The anticipated outcomes of this research include the development of robust generative AI/ML tools capable of producing realistic and physically consistent synthetic topographic and bathymetric datasets. It will also enhance our understanding of landscape and riverine system evolution influenced by integrated hydrological and geomorphological processes. The AI/ML model can produce comprehensive synthetic datasets to support improved modeling and decision-making in both scientific research and engineering practices, especially in regions lacking detailed measurements. Ultimately, this research is expected to significantly advance predictive capabilities in landscape and river channel morphology, informing better resource management, flood risk assessment, habitat conservation, and infrastructure development.

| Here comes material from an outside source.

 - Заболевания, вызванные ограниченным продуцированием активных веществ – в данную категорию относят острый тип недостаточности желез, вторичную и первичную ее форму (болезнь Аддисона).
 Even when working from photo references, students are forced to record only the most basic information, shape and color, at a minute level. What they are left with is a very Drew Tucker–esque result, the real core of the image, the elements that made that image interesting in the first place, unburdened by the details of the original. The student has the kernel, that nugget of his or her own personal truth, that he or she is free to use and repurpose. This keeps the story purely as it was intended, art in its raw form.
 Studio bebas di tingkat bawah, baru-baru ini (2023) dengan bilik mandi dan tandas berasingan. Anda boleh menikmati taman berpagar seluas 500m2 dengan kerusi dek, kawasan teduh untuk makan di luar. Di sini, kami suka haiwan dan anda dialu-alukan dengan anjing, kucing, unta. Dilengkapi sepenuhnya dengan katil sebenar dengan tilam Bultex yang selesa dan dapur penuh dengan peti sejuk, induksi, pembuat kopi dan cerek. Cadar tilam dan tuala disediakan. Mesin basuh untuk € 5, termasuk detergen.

A list of specific areas of computational and/or data science expertise or skills that the current team is particularly interested in recruiting to support the project: Diffusion models, multimodal model building and training, and general background in AI/ML.

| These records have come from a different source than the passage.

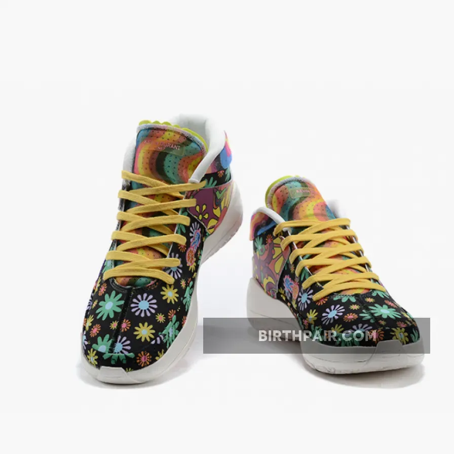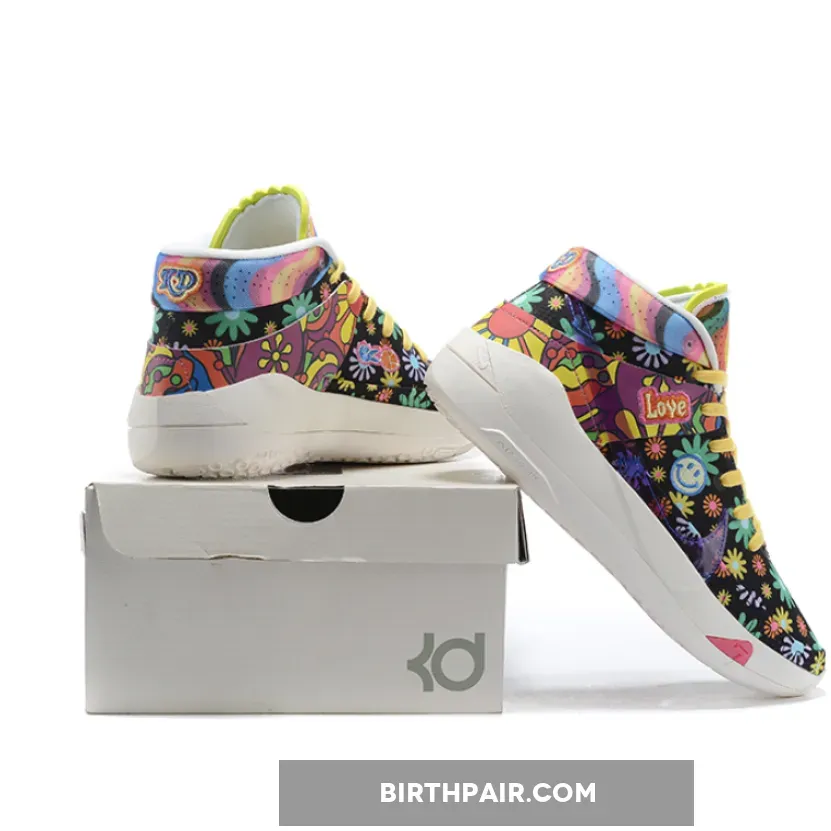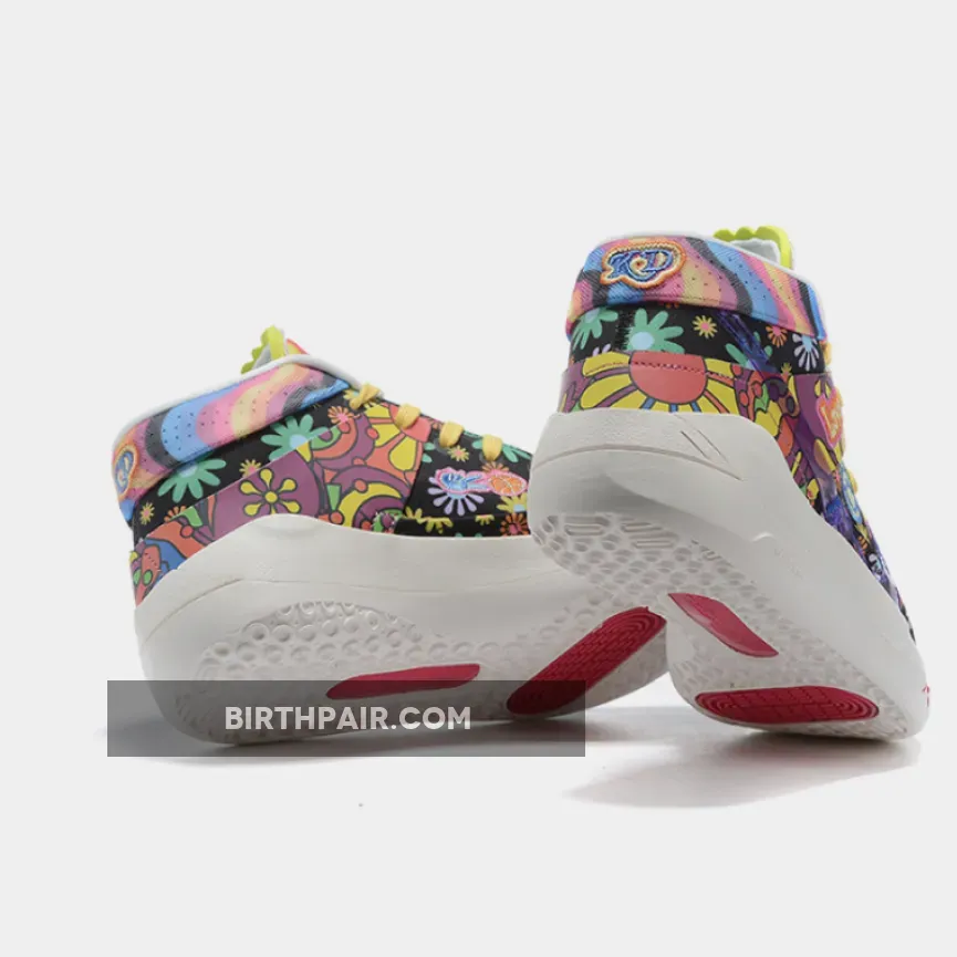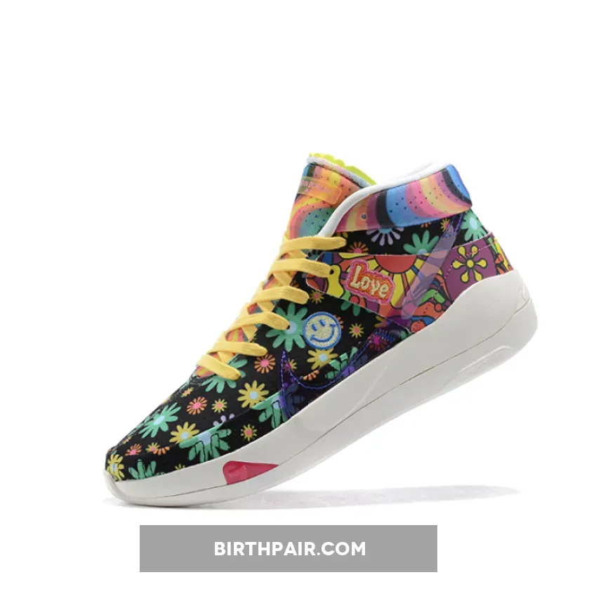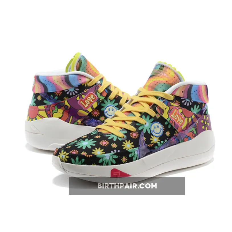 this Nike KD 13 comes with Black across the base while multicolor daisy florals are spread throughout which gives them a hippie vibe. Patches are seen throughout which includes peace signs and basketballs. Some of the other highlights includes a transparent Swoosh, ‘Love’ and smiley face patches. Finishing the look is a White rubber outsole.
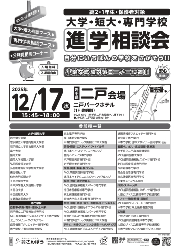 2025年12月17日(水) 大学・短期大学・専門学校 進学相談会【二戸会場】
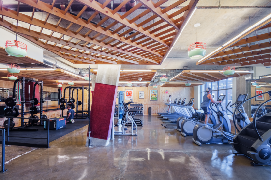 A Whole Foods store anchors The Apollo’s retail component, providing a grocery within walking distance for residents and locals. WeWork, a coworking and office space, is located around the corner. Between these anchors are a series of small storefronts occupied by local businesses, including the aforementioned Wydown Café, a vegan restaurant, a bike shop, a local bookstore, and an alley bar still under construction.
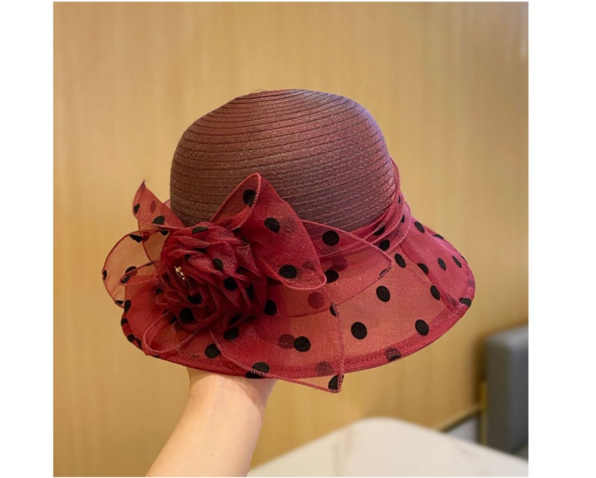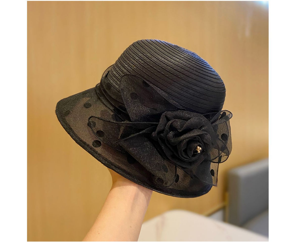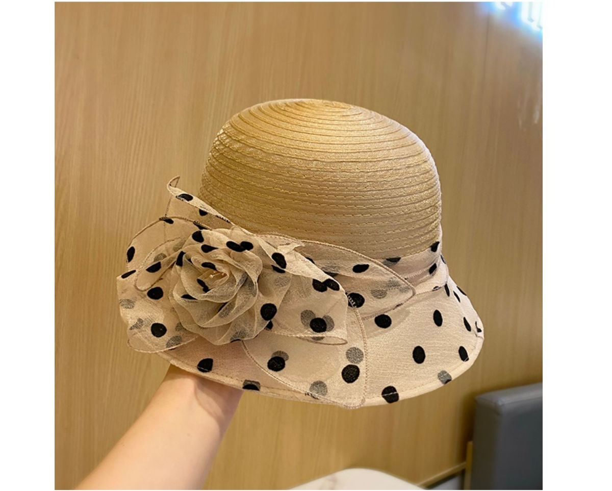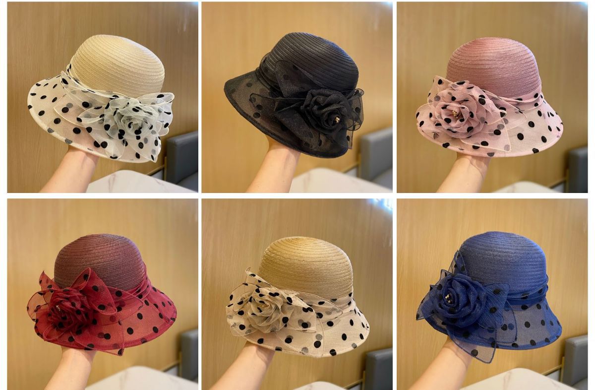 여름 새로운 스타일 오간자 모자 여성용 우아한 꽃 물방울 무늬 어부 모자 영국 통기성 모든 경기 프랑스 한국 스타일

Any other requirements or expectations of potential ICDS Junior Researchers: currently a post-comps graduate student in a related field, such as computer science, IST, or math.

A list of specific objectives for work supported by this call: generating preliminary data to support a NSF proposal

At least one medium to long-term goal: A collaborative proposal to NSF Collaborations in Artificial Intelligence and Geosciences (CAIG) program, which is due February 4, 2026

A short statement (1 sentence to 1 paragraph) explaining the connection of the project to ICDS’s mission: The project falls right into the ICDS mission of advancing AI in research and education.

A paragraph summarizing team member’s recent and/or planned engagement with ICDS: Xiaofeng Liu is a co-hire of ICDS and regularly participate in ICDS activities and committees, such as monthly lunches, faculty search committee, and annual ICDS symposium.